FAO Apresiasi Kemajuan Pertanian dan Ketahanan Pangan Indonesia

Ilustrasi - Tanaman padi.(Pixabay)

Editor: Arif Sodhiq - Jumat, 21 Januari 2022 | 09:00 WIB

Sariagri - Perwakilan Food and Agriculture Organization (FAO) untuk Indonesia dan Timur Leste, Rajendra Aryal, mengapresiasi upaya peningkatan produksi pangan yang dilakukan Kementerian Pertanian (Kementan). Dia mengapresiasi program dan kebijakan Indonesia dalam memenuhi pangan masyarakat selama pandemi COVID-19. 

“Saya mengucapkan terima kasih dan penghargaan yang setinggi-tingginya atas kepemimpinan Bapak Menteri Pertanian yang sangat baik pada pertanian Indonesia, seperti yang kita tahu pertanian Indonesia mampu untuk tumbuh positif selama masa - masa pandemi,” ujar Aryal usai melakukan panen bersama Menteri Pertanian (Mentan) di Desa Karangpawitan, Kabupaten Karawang. 

Sebagai Perwakilan FAO di Indonesia dan Timor Leste, Aryal menyebut pandemi COVID-19 dan perubahan iklim menjadi tantangan besar dalam pemenuhan pangan bagi banyak negara di dunia. Dia menekankan sebagai "closed collaborator" pihaknya akan mendukung penuh Kementan dalam mewujudkan ketahanan pangan. 

“Seperti yang pak Menteri katakan kami bekerja sama dengan kuat dalam melakukan transformasi pada sistem pertanian Indonesia dan FAO selalu siap sedia untuk memberikan technical support bagi pertanian Indonesia dan kami akan mengkoneksikannya dengan rencana kerja FAO baik secara jangka pendek maupun jangka panjang,” jelasnya. 

Pada kesempatan yang sama, Menteri Pertanian Syahrul Yasin Limpo mengatakan pihaknya bersama FAO akan melakukan berbagai akselerasi untuk pertanian di Indonesia. Mentan mengakui pandemi dan perubahan iklim menjadi tantangan besar bagi pertanian di banyak negara. Dia berharap dukungan FAO dapat memperkuat sektor pertanian termasuk dalam hal inovasi dan teknologi kedepan. 
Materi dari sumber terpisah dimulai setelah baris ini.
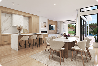 To create residences that elevate everyday life — where natural light, generous proportions, and considered finishes come together in perfect harmony. Homes that balance form and function, from statement stone-wrapped kitchen islands that anchor daily rituals, to alfresco spaces designed for effortless year-round entertaining. Every space is carefully curated to provide a sense of calm, clarity and enduring comfort — thoughtfully tailored to support the way you live, now and into the future.

Baca Juga: FAO Apresiasi Kemajuan Pertanian dan Ketahanan Pangan Indonesia
Kapolri Apresiasi Capaian Kementan Surplus Produksi Beras 9,7 Juta Ton

“Kerja sama kami bersama FAO adalah melakukan mitigasi terhadap tantangan perubahan iklim yang ekstrim, seperti melakukan mekanisasi, ataupun menciptakan varietas-varietas yang tahan cuaca, dan kami ajak FAO hari ini ke lapangan untuk bersama-sama menyaksikan bagaimana potensi panen dan produksi padi di Kabupaten Karawang sebagai salah satu wilayah penghasil beras terbesar,” kata Syahrul. 

Berdasakan angka sementara Badan Pusat Statistik (BPS), capaian produksi beras 2021 sebanyak 31,69 juta ton, naik 0,35 juta ton atau 1,12% dibandingkan tahun 2020. Surplus pada tahun 2021 diperkirakan 1,65 juta ton. Jika ditambah dengan stok awal tahun 2021 (carry over tahun 2020) 7,32 ton, total surplus beras tahun ini lebih dari 9 juta ton.